Monday, 20 October 2014

Are Squats Enough? The Truth about How Effectively Squats Work Your Hamstrings


New research reveals that squats may not activate this muscle group as much as trainers say

There's a reason squats are hailed as the king of all lower-body moves: They recruit a ton of big, calorie-burning muscles, like your glutes and quadriceps. But they may not give you a complete lower-body workout. The squat is not an effective way to work your hamstrings, according to a study in the European Journal of Applied Physiology.
Researchers measured how much the hamstrings were activated during the leg press, an exercise that closely mimics the squat but allows for more consistent form than the actual movement. They found that the hamstrings were only 25 percent as active during the exercise as the quadriceps.
"It's a common belief that the stress placed on your legs during multiple-muscle, lower-body movements—like the squat—increases the size and
strength of your hamstrings, even if you're not hitting them directly," says study author Brad Schoenfeld, C.S.C.S., Ph.D., and author of The M.A.X. Muscle Plan. "But that's not the case."
Your hamstrings contract when you bend your knee and lengthen when you bend your hips. To fully recruit them, you need to either dramatically shorten or lengthen the muscle during an exercise, explains Schoenfeld.

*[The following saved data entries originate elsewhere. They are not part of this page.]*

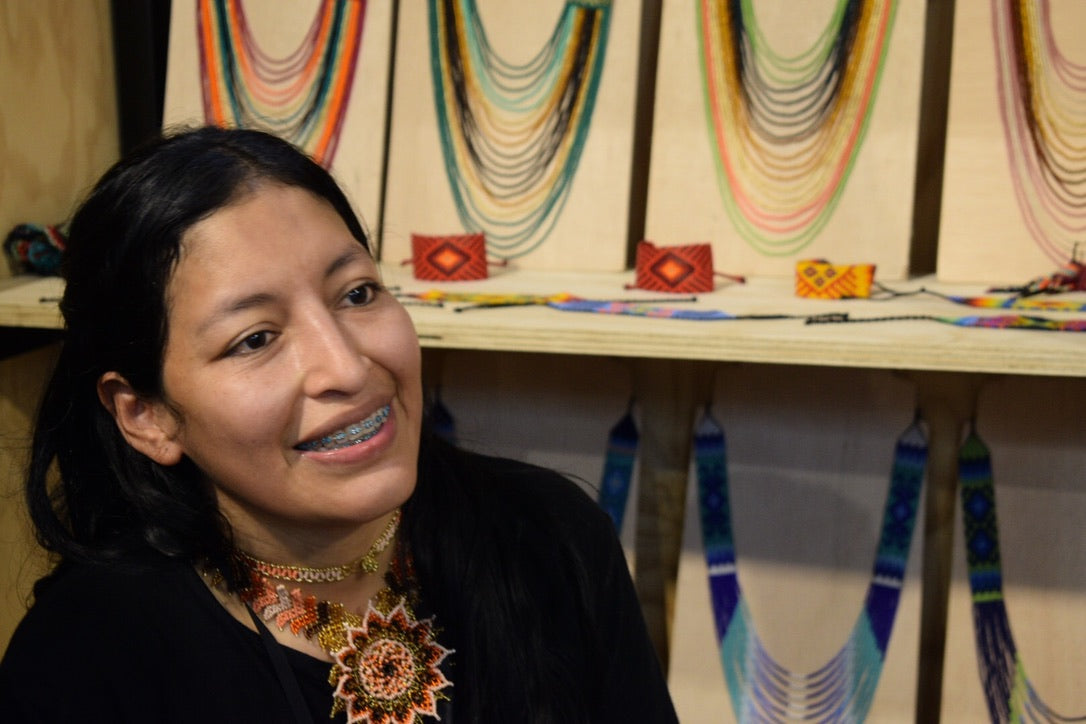 Los artesanos han sido formados por la familia de Maria Tisoy y Néstor Jacanamijoy quienes heredaron de sus padres esta tradición ancestral. Sus diseños evocan la naturaleza, el sol, las montañas y los caminos, cada brazalete es una inspiración que refleja sus pensamientos y creencias.
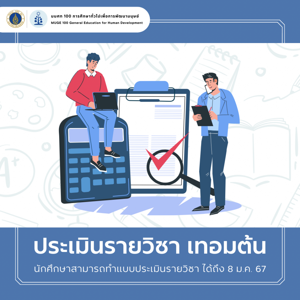 ยินดีต้อนรับนักศึกษาทุกคนสู่ภาคการศึกษาปลาย ปีการศึกษา 2566 เนื่องจากรายวิชา MUGE 100 เป็นรายวิชาที่การการเรียนการสอนต่อเนื่องสองภาคการศึกษา แต่มีการลงทะเบียนแยกกัน มีการประเมินผลจากการเข้าเรียน และมีโครงงาน ทางเจ้าหน้าที่ประสานงานจึงได้รวบรวม checklist สิ่งที่นักศึกษาควรตรวจสอบเกี่ยวกับรายวิชา ดังนี้ การลงทะเบียนเรียนภาคการศึกษาปลาย ปีการศึกษา 2566 นักศึกษาจะต้องลงทะเบียนเรียนในระบบ SmartEDU ให้ถูก Section ตามประกาศกลุ่มเรียนวิชาแกน ศูนย์ส่งเสริมการเรียนรู้แบบบูรณาการชีวิต คลิกที่นี่ การขาดเรียนรายวิชา MUGE 100 ภาคการศึกษาต้น นักศึกษาสามารถตรวจสอบได้ผ่าน MUGE 100 APP หากพบว่ามีข้อมูลผิดพลาด ขอให้นำ “หลักฐานการเข้าเรียน” ในคาบดังกล่าวให้อาจารย์ผู้สอนรับรองการขอเพิ่ม หรือแก้ไข การขาดเรียน ลงใน “บันทึกประจำห้องเรียน” หมายเหตุ: หากอาจารย์ผู้สอนไม่สามารถรับรองการลงชื่อเข้าหรือออกจากห้องเรียนในคาบนั้น ทางทะเบียนรายวิชาจะไม่สามารถแก้ไขผลการเข้าเรียนในคาบดังกล่าวได้ ผลการพิจารณาใบลาที่ส่งมาก่อนเดือนธันวาคม นักศึกษาสามารถตรวจสอบได้ผ่าน MUGE 100 APP หากใบลาได้รับการอนุมัติ นักศึกษาจำเป็นจะต้องเข้าเรียนเสริม ในวันเสาร์ที่ 18 พฤษภาคม 2567 ก่อน จึงจะสามารถชดเชยการขาดเรียนในคาบที่ลาได้ […]
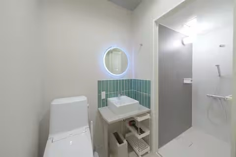 シャワーブース2、洗面台、独立トイレ3。16名で滞在しても、朝の支度に余裕のある動線。
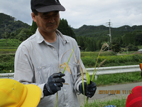 2種類の稲を見せながら、稲の病気のこと、今刈ったお米を育てるときのこと、そして大切にまもられている種のことを教えてくれました。
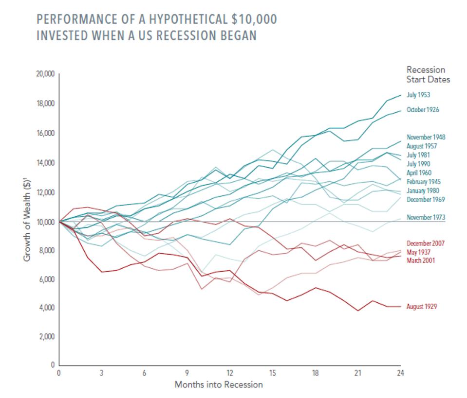 The takeaway: investors cannot predict what markets may do before, during, and after a recession. How stocks perform at any given time depends on many factors. So it's important to take steps to help prevent an economic downturn from having an outsized impact on your financial goals.
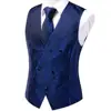 Chalecos y corbata de seda para hombre, vestidos formales de negocios, chaleco delgado de 4 piezas, gemelos de pañuelo para traje, chaleco Floral de Cachemira azul
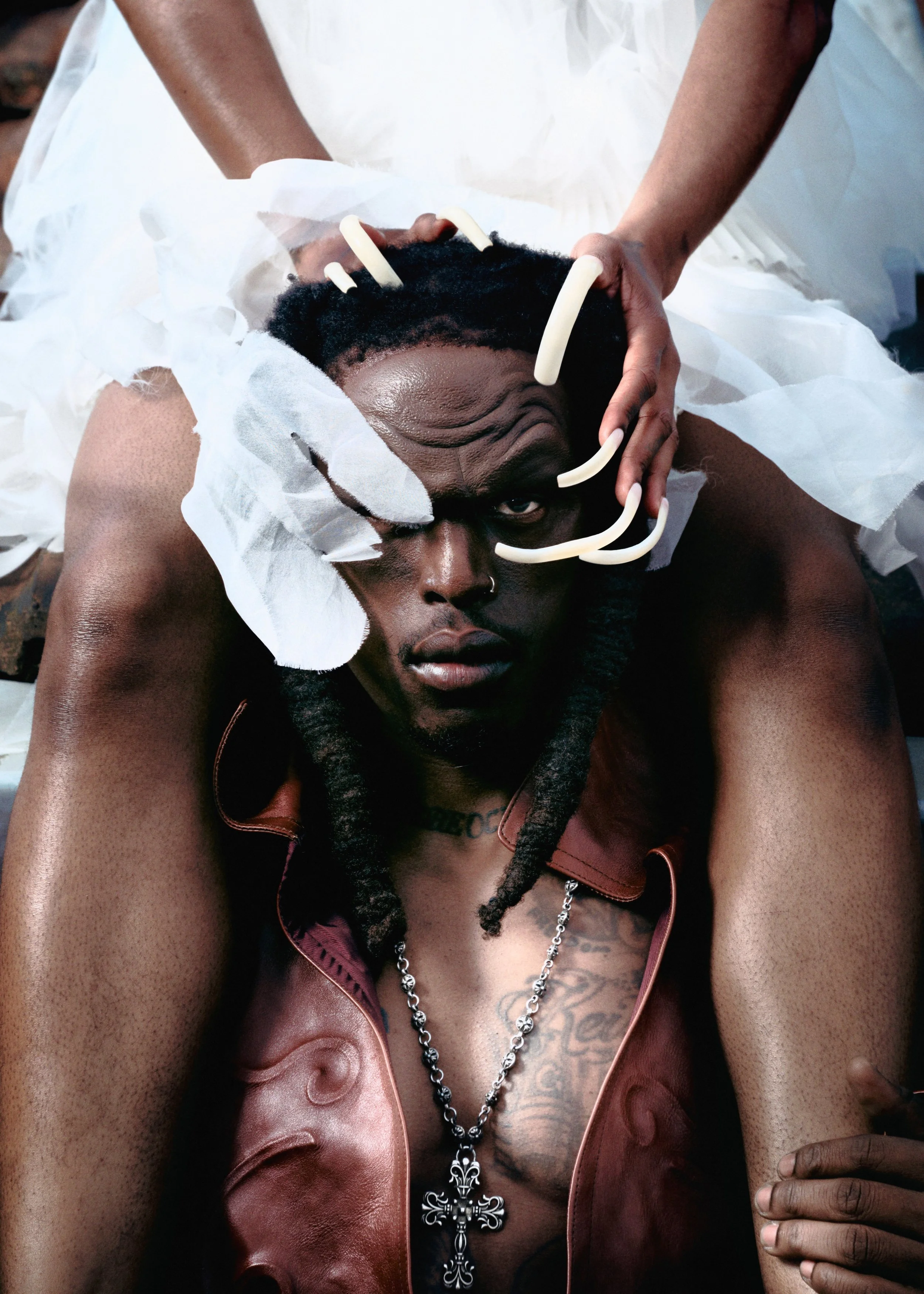 The couple’s collaboration spans fashion, music, and visual storytelling. “Seeing her work with other artists pushes me to elevate my own craft,” Billyracxx says. With upcoming projects—from a new album to KMEWORLD statement garments—they remain in sync professionally and personally. “I’m a character in the world she builds,” he adds.
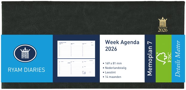 Agenda 2026 Ryam Memoplan 7 Mundior 7d/2p zwart 1 Stuk

When performing a squat, however, you bend the knee and the hip at the same time, so the length of the hamstring barely changes, he says.
You probably don’t rely on squats alone to target all the muscles in your lower half. But does your routine adequately hit your hamstrings? If it doesn’t, your quads and glutes have to overcompensate for your hamstrings, says Schoenfeld. This imbalance can increase your risk of pulled muscles and knee, hip, and ankle injuries. 
Schoenfeld recommends performing two sets of hamstring-activating moves for every three sets of squats or lunges you perform. Alternate between hip-dominant exercises like the deadlift and knee-flexion dominant exercises like the Swiss-ball hamstring curl to work the entire muscle.